Apparently, Mrs. B_dd_y, whose sordid affairs were preserved in a pamphlet called “Characters of the Present Most Celebrated Courtesans Exposed, With a Variety of Secret Anecdotes Never Before Published,” faced stiff competition for the title of 18th-century England’s most debauched socialite.

I read and learned. I learned that once, you didn’t have to be high society to make the talk of the town. The Courtesans, women who had to work for a living, provided a scandal-worthy read for our more pious, serving, wench sisters. (Yep, lil ol’ me or you could’ve made the front page…!) Then there were the stories of highbrow women who fell from grace – and what scullery maid in her right mind wouldn’t get a good laugh and fall off her soap bucket upon hearing about the Madame’s disgrace?

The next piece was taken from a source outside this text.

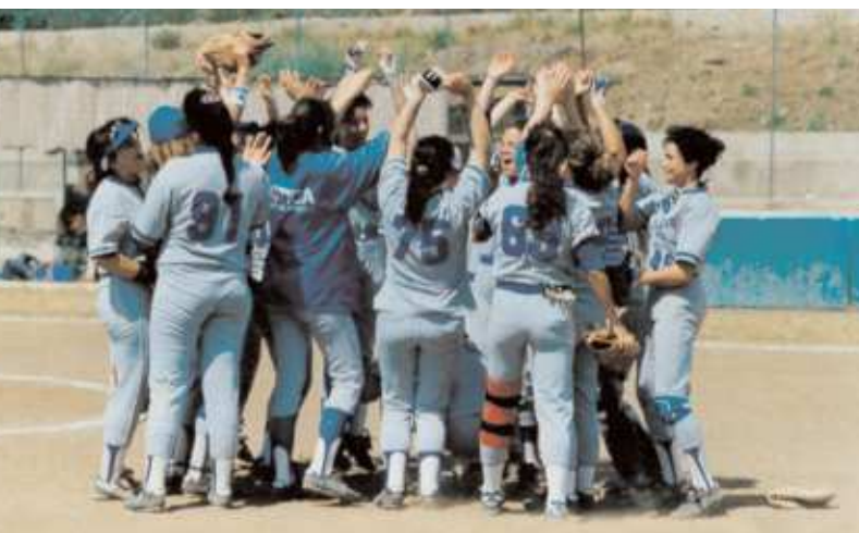
Le ragazze festeggiano la promozione in serie A1.

mare sotto gli occhi stupiti degli stranieri che ogni anno partecipavano al Trofeo delle Isole (nel film c'è una parte che mostra come giocare il baseball a mare).
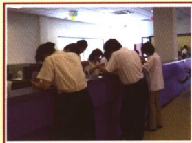
出示身份证明办理竞买手续。

At the other end of the spectrum, pamphlets like “Characters of the Present Most Celebrated Courtesans” were intended for a working-class audience – scullery maids and serving wenches who would have picked it up at lending libraries – though the gentry enjoyed it as a guilty pleasure, too.

Printed on much cheaper paper than The Spectator, these pamphlets trafficked exclusively in the tales of highborn women who had disgraced themselves in public, ensnaring readers with lurid titles like “The History of Betty Bolaine, the Canterbury Miser,” and crude drawings of dissipated women in various stages of physical ruin – the etched equivalents of a bleary-eyed Lindsay Lohan mug shot.

Like today’s celebrity weeklies, “Courtesans” feigned concern and moral acuity (see OK!’s recent description of a Britney Spears meltdown as “heartbreaking”) while reveling in the scandal. Of a Mrs. H_tt_n, “Courtesans” says, “She is expensive in dress, extravagant in the indulgence of her palate, violently addicted to wine and strong liquors which she often drinks to excess, not infrequently to intoxication.” It then reminds its readers that good conduct is “a perfect security to all indelicate or fornicative consequences.”

Don’t you love how the writers speciously protected the names of the fornicators by asking the audience to play a little game of hangman, err fill in the blanks? The Brits really use their heads.

By coincidence one of these exceptional gossip rags survived tatler smfrom way back when. Natural selection did its thing and the strongest, most intelligent trash talker survived. Tatler – and it’s the only magazine I brought home from my London trip. It’s good. It’s dirty. It’s juicy. It’s more than good, dirty and juicy it’s smart, funny and absolutely scathing – along with crass, witty and sinfully fun. What can I say? I know quality work when I see it.

Pray tell…what is your guilty little pleasure?